Optimising multiple calls to cuBLAS

Hi All,

I expect this question has been asked before but I’ve not been able to find a similar answer whilst digging through the forums and would like some advice before I go diving in to code.

I have an application in C++ using a library called Eigen to mimic the functionality provided by MatLab. I have a matrix expression similar to the form:

X = exp{ [ (a + A) * (b + B) ] ^ 2 }

Where uppercase are matrices and lowercase maybe scalars, vectors or matrices of compatible dimensions and the dimensions themselves may be large i.e. > 1000.

In a single threaded application I might write a function delegate to calculate a particular element of X and then iterate through each element of X to produce a result. But of course this is quite a chore of a large code-base with multiple formulas like the above.

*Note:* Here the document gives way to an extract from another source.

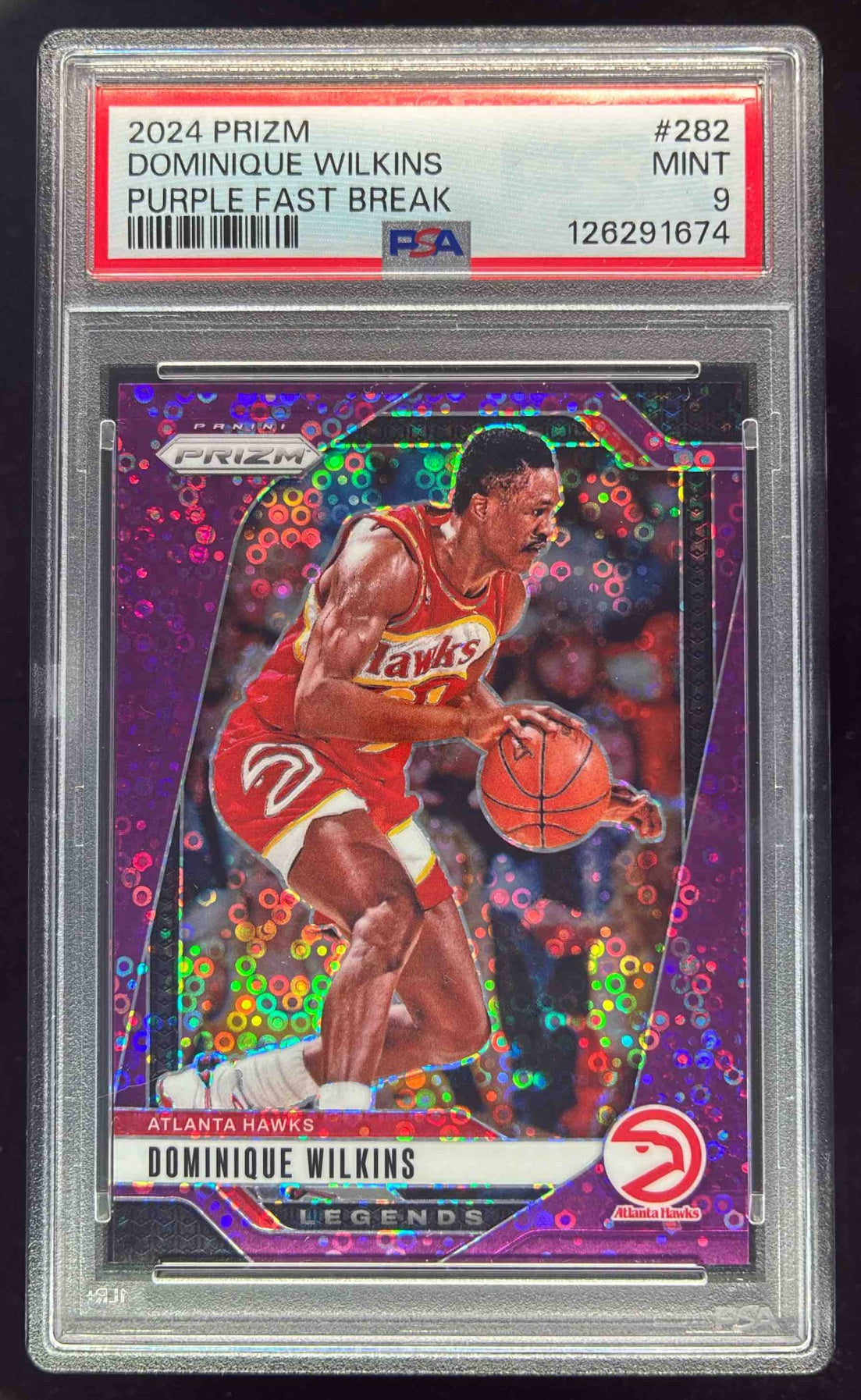 2024-25 Panini Prizm Fast Break Purple Prizm #282 Dominique Wilkins /75 PSA 9

In Eigen I can compose multiple matrix-matrix operations in a single expression and the library will lazily evaluate the result for me (in a similar way to LINQ), only when the result is needed. Reducing the number of temporary objects and the number of iterations to calculate X:
https://eigen.tuxfamily.org/dox/TopicLazyEvaluation.html

With which the code for my expression would be:

MatrixXd X = ( (a + A) * (b + B) * (a + A) * (b + B) ).exp();

If I now want to use the GPU, I assume I must use cuBLAS and multiple calls to gemm() to calculate the product and then the square whilst the addition and exponent operations I must handle myself separately. But this sounds highly inefficient as I am asking the GPU to run maybe 5 separate kernels whilst creating a large number of temporary intermediate matrices.

So what is best practice in this scenario or am I worrying about nothing?
Is there a way to use cuBLAS such that I only need to make one call to the GPU for a complex expression such as mine?
Should I take a similar approach to the single threaded application, i.e. ignore cuBLAS and calculate each element of X on a separate thread using my own function?

As I understand it, batching with gemmBatched() is not the answer as I’m not multiplying one array of matrices against another.

Thanks in advance.

no, generally there is not. For some specific expressions, there might be a “single call” cublas equivalent but you can pretty much figure that out yourself by reading what is available in the cublas manual.

CUBLAS is (mostly) a fairly straightforward implementation of a BLAS library. There are many BLAS implementations, so you could simply search for an answer for your question that would use a standard BLAS implementation. Once you have that, conversion to CUBLAS should be trivial.

But I don’t think you’ll find anyone saying you can do what you want with a single BLAS call either.

Rather than worry about whether such a thing can be done in a single call or not, I would just code up a comparative benchmark and see how BLAS/CUBLAS performs against Eigen or Matlab. I would expect both Eigen and Matlab may make use of underlying BLAS libraries.